Fears of recession fuel dive
Published in Courier Mail, October 2008
by Josh Robertson
THE spectre of global recession saw investors flee Australia's much-vaunted mining sector in droves yesterday, sending the sharemarket plunging back towards the depths of last week's panic.
About $86 billion in value was shredded with the All Ordinaries sinking 6.66 per cent back to a near T/2-year low of 3988.1 points.
Pessimism about Chinese growth and commodity demand generally wiped out most of this week's rally, resourcerelated stocks making up 20 of the 25 steepest falls within the S&P/ASX200, which also slumped 6.6 per cent to 4013.4.
Mining giants BHP and Rio were pummelled, losing 13.13 per cent and 15.91 per cent respectively, together accounting for more than a quarter of the market's plunge.
Iron ore exporter Fortescue Metals was smashed the second day in a row, losing 10.14 per cent, while a more than tenfold first-half profit increase could not save Brisbane-based Macarthur Coal from a 13.74 per cent caning.
China's central bank deputy governor Ii Gang said the country's growth would slip into single figures in 2009 at 9 per cent, down from 10 per cent this year and 11.9 per cent in 2007.
However, Aequs Securities institutional dealer Ric Klusman said Chinese growth could go as low as 6 per cent. "If that is the case, even though they have reasonably strong growth it is still a big negative," he said.
Also yesterday, Russian nickel giant OAO Norilsk Nickel said it would leave its Cawse mine in Western Australia out of action and would review its other local operations because of poor market conditions.
This came a day after Rio revealed it might cut spending on its operations with a significant easing in Chinese minerals demand expected for the rest of the year.
Grim economic news saw Wall Street and London investors revert to selldowns overnight, setting the stage for more pandemonium on the local market.
The Dow Jones Industrial Average fell 7.9 per cent on Wednesday, its biggest fall in two decades, after US monthly retail sales fell the furthest in three years and the US Federal Reserve reported tight credit was still harming business.
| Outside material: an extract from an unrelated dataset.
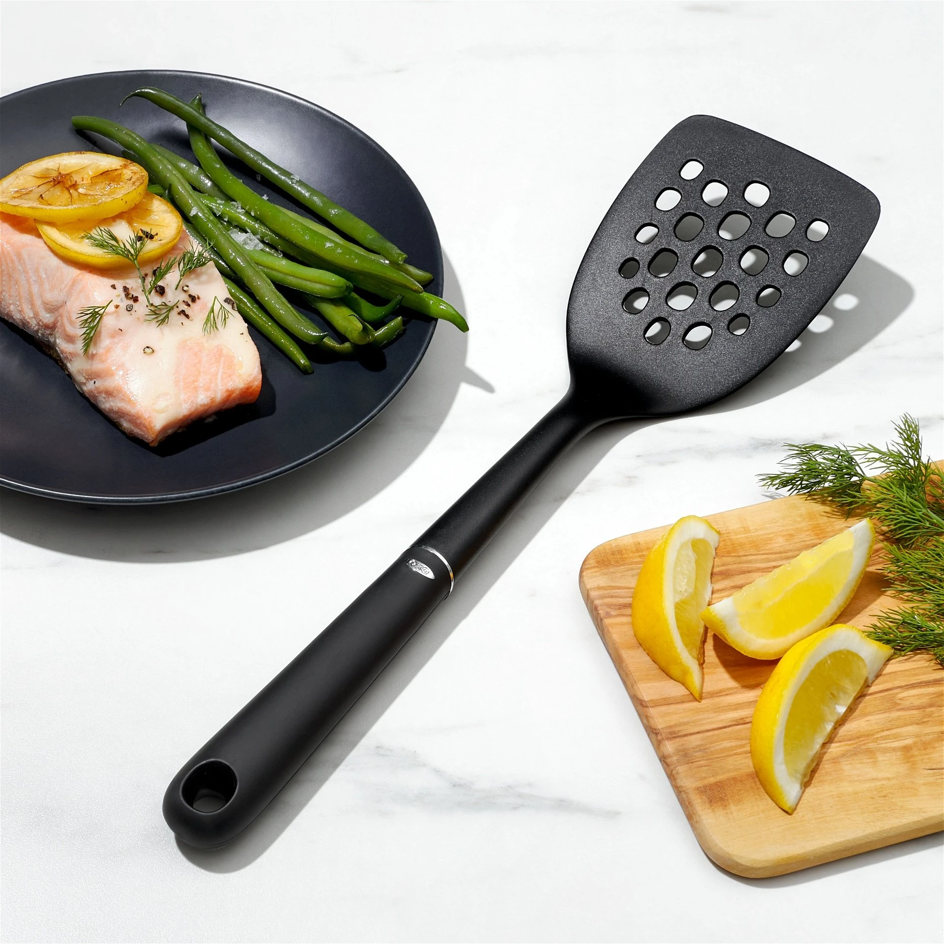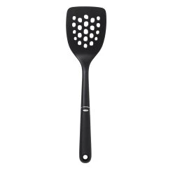 The smells that come from the kitchen should be of sizzling bacon or a simmering mushroom beef stew and not burning utensils; be confident of your tools with an OXO Good Grips nylon square turner. The OXO’s nylon construction will give you a worry free experience turning pancakes, eggs or a grilled cheese sandwich. The nylon is heat resistant up to 400 F is accented with stainless steel for a more contemporary look. Make turning your favorite foods simple with an OXO nylon square turner.

Falling house prices remain the US economy's achilles heel and many economists say unemployment will go from 6.1 per cent to 9 per cent by the end of 2009.
London's FTSE 100 Index tumbled 7.16 per cent, its fifth biggest ever fall, after jobless numbers hit 1.79 million, rising faster than any time since the 1991 recession.
Bank of England monetary policy committee member David Blanchflower said the 164,000 rise was "truly horrendous and much worse than I had feared".
Total jobless numbers would hit two million by Christmas, he said.
Japan's Nikkei suffered its worst fall since 1987's "Black Monday", ending down 11.4 per cent, while Seoul dropped 9.4 per cent and Hong Kong 4.8 per cent.
"What started as a financial crisis has evolved into an economic crisis, which is now turning into a full-fledged global recession," China International Futures chief analyst Cai Luoyi said.
Wealth Within chief analyst Dale Gilham predicted the All Ords could test a low of 3400 through early next month, before rebounding 30-50 per cent over the following year the same kind of bounce which came after crashes in 1929 and 1987.
"I'm sitting on a bucketload of client money that I want to put into the marketplace and stocks like BHP, Rio, CSL, Cochlear, some of the banks, are all on my hit list of stocks to buy," he said.